● **Required work**
Your task is to retype every entry exactly while omitting the pictures.

● **Data in this exercise**
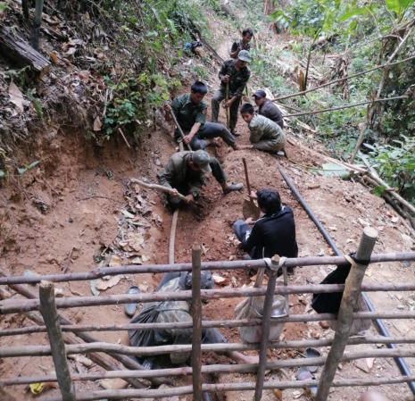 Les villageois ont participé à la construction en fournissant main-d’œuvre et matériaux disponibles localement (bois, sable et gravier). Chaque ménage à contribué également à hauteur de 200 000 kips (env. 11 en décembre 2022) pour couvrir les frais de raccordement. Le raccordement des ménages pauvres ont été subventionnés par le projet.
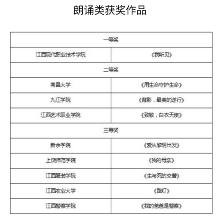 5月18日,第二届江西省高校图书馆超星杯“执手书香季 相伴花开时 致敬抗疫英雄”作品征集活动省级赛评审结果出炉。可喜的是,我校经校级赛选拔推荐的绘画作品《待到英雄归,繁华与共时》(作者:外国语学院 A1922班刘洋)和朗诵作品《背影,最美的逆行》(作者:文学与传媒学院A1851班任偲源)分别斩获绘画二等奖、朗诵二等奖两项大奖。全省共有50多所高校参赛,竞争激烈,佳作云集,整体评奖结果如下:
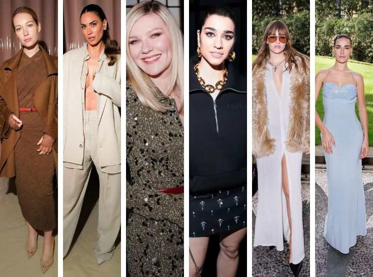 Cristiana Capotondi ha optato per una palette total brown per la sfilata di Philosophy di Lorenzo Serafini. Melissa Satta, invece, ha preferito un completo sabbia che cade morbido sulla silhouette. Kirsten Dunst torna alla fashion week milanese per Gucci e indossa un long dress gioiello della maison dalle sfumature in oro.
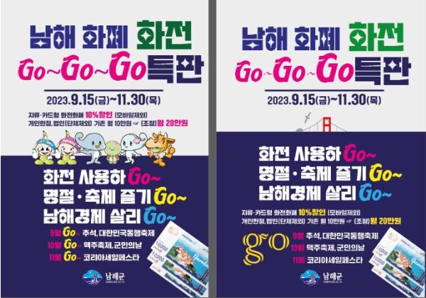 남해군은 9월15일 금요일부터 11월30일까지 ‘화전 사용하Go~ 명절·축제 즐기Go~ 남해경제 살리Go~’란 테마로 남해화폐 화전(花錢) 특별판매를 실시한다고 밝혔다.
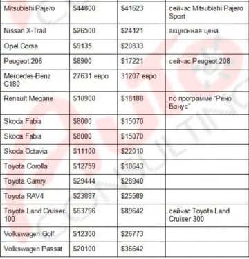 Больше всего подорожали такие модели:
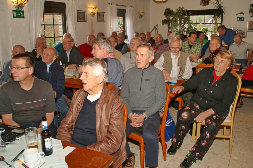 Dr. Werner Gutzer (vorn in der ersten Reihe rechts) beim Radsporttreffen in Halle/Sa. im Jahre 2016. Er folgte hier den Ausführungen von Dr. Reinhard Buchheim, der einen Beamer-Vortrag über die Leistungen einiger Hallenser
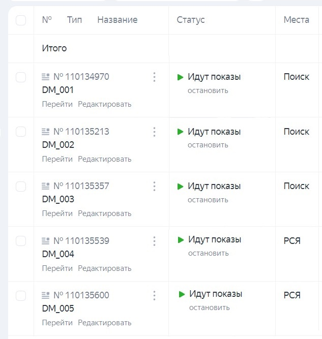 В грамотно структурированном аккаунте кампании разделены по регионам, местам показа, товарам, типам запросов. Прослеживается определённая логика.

● **Solution to this exercise**
 Les villageois ont participé à la construction en fournissant main-d’œuvre et matériaux disponibles localement (bois, sable et gravier). Chaque ménage à contribué également à hauteur de 200 000 kips (env. 11 en décembre 2022) pour couvrir les frais de raccordement. Le raccordement des ménages pauvres ont été subventionnés par le projet.
 5月18日,第二届江西省高校图书馆超星杯“执手书香季 相伴花开时 致敬抗疫英雄”作品征集活动省级赛评审结果出炉。可喜的是,我校经校级赛选拔推荐的绘画作品《待到英雄归,繁华与共时》(作者:外国语学院 A1922班刘洋)和朗诵作品《背影,最美的逆行》(作者:文学与传媒学院A1851班任偲源)分别斩获绘画二等奖、朗诵二等奖两项大奖。全省共有50多所高校参赛,竞争激烈,佳作云集,整体评奖结果如下:
 Cristiana Capotondi ha optato per una palette total brown per la sfilata di Philosophy di Lorenzo Serafini. Melissa Satta, invece, ha preferito un completo sabbia che cade morbido sulla silhouette. Kirsten Dunst torna alla fashion week milanese per Gucci e indossa un long dress gioiello della maison dalle sfumature in oro.
 남해군은 9월15일 금요일부터 11월30일까지 ‘화전 사용하Go~ 명절·축제 즐기Go~ 남해경제 살리Go~’란 테마로 남해화폐 화전(花錢) 특별판매를 실시한다고 밝혔다.
 Больше всего подорожали такие модели:
 Dr. Werner Gutzer (vorn in der ersten Reihe rechts) beim Radsporttreffen in Halle/Sa. im Jahre 2016. Er folgte hier den Ausführungen von Dr. Reinhard Buchheim, der einen Beamer-Vortrag über die Leistungen einiger Hallenser
 В грамотно структурированном аккаунте кампании разделены по регионам, местам показа, товарам, типам запросов. Прослеживается определённая логика.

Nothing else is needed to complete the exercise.